Affäre mit einem Priester
Geboren wurde die Künstlerin im Jahr 1905 in ärmlichen Verhältnissen als Annemarie Gunz in Luzern. Nach der Volksschule arbeitete sie zunächst als Kindermädchen und konnte dann bei einer Goldschmiedin in die Lehre. Sie fand Anschluss an die Innerschweizer Künstlerszene und begann, selber künstlerisch tätig zu werden. In Luzern lernte sie auch Hans von Matt kennen, der selbst auch Künstler war. Im Jahr 1936 heirateten die beiden und zogen nach Stans.
«Annemarie von Matt hatte Mühe, die Rolle der Künstler-Ehefrau einzunehmen», meint Kuratorin Keller, «sie fühlte sich eingeengt». War ihre Kunst zu Beginn noch sehr konkret, so wurde sie nun immer abstrakter. Dieser Wandel schrieb man bis jetzt vor allem dem Einfluss des katholischen Priesters Josef Vital Kopp zu, dem die Künstlerin in Stans begegnete.
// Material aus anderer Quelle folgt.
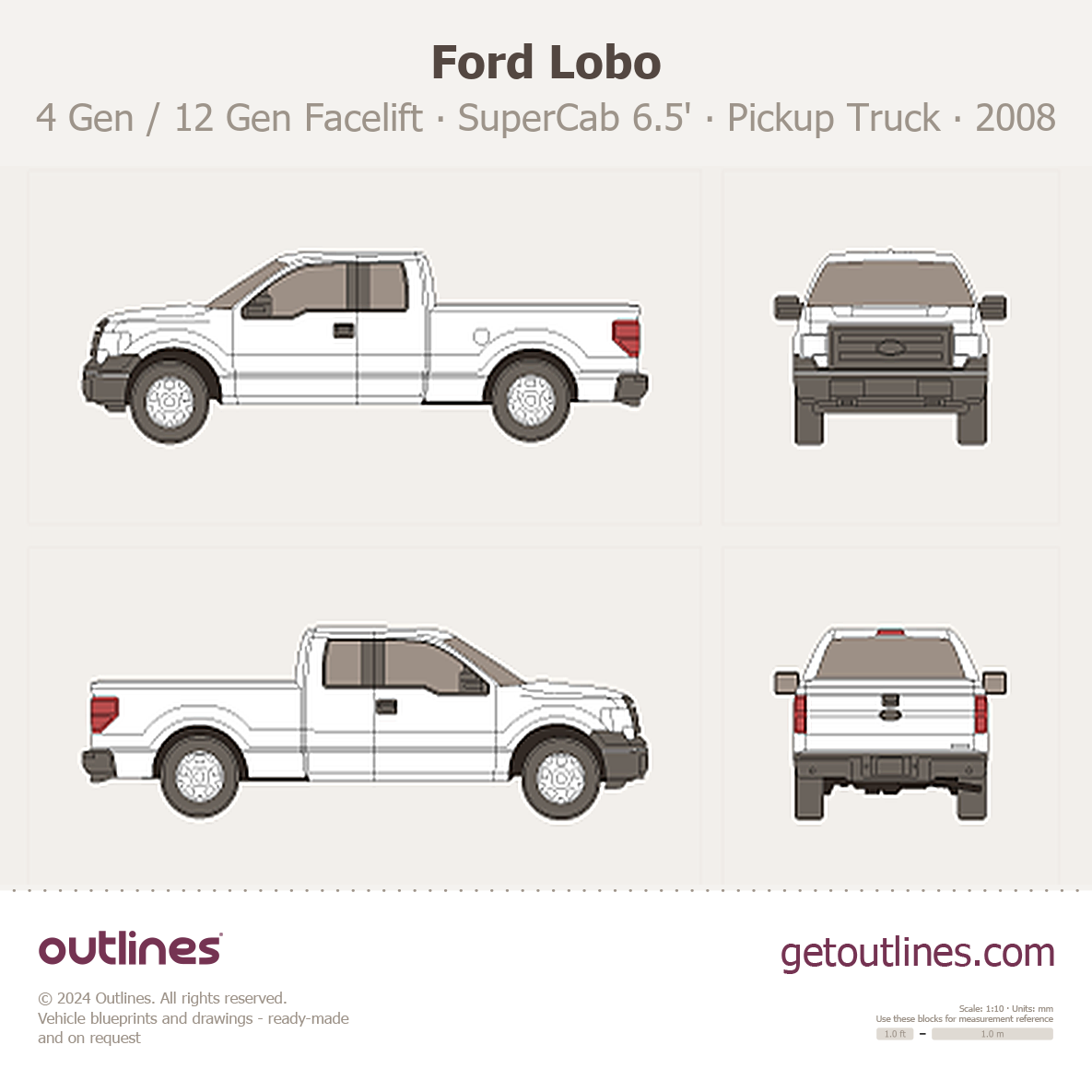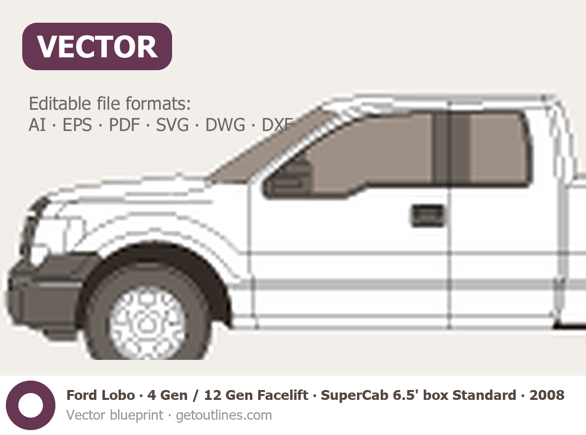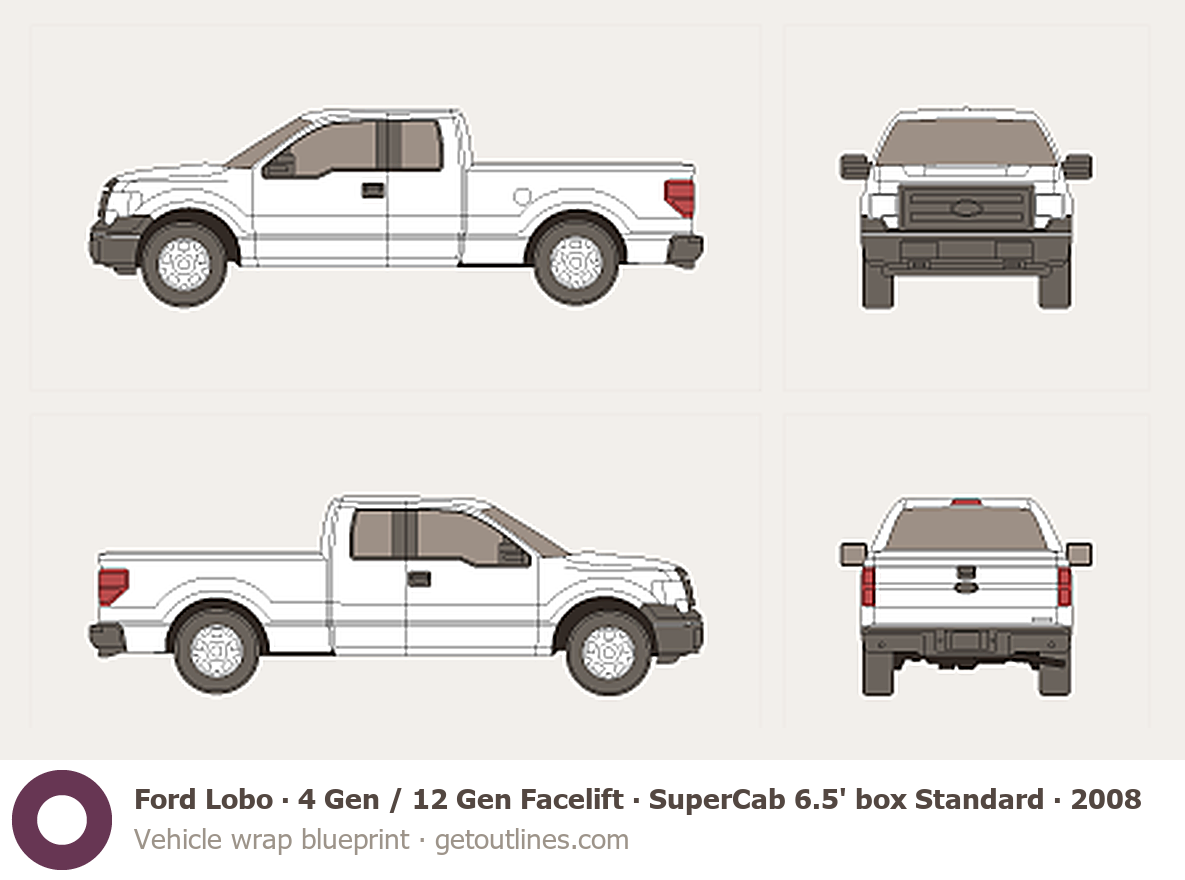 This 2008 Ford Lobo 4 Gen / 12 Gen Facelift SuperCab 6.5' box Standard Box Pickup Truck blueprint helps designers, wrap studios, and 3D artists simplify their workflow and save valuable time for creative work instead of routine tasks.

Die beiden verliebten sich ineinander und hatten sogar eine kurze Affäre.
Die Männer: von der Hauptrolle zur Nebensache
Dass diese Liebe unglücklich endete, hätte ihr das Herz gebrochen und stellte ihr künstlerisches Schaffen auf den Kopf. So wurde Annemarie von Matts späteres Werk interpretiert – bis jetzt. Patrizia Keller will dem entgegenhalten. Es sei sicher so, dass diese Liebe einen gewissen Einfluss auf das Werk von Annemarie von Matt gehabt habe, sagt die Kuratorin, doch bis jetzt sei dieser völlig überzeichnet worden. «Das wird ihr als Künstlerin nicht gerecht und nimmt ihr die Integrität.»
Genauso habe man immer behauptet, dass ihr künstlerisches Schaffen erst durch den Einfluss ihres Ehemannes Hans von Matt wirklich professionellen Charakter bekommen habe. Mit diesen Vorurteilen wolle sie aufräumen, sagt Keller. In der aktuellen Ausstellung taucht Josef Vital Kopp denn auch nur als Fussnote auf und auch Ehemann Hans von Matt wird nur eine kleine Nebenrolle zugestanden.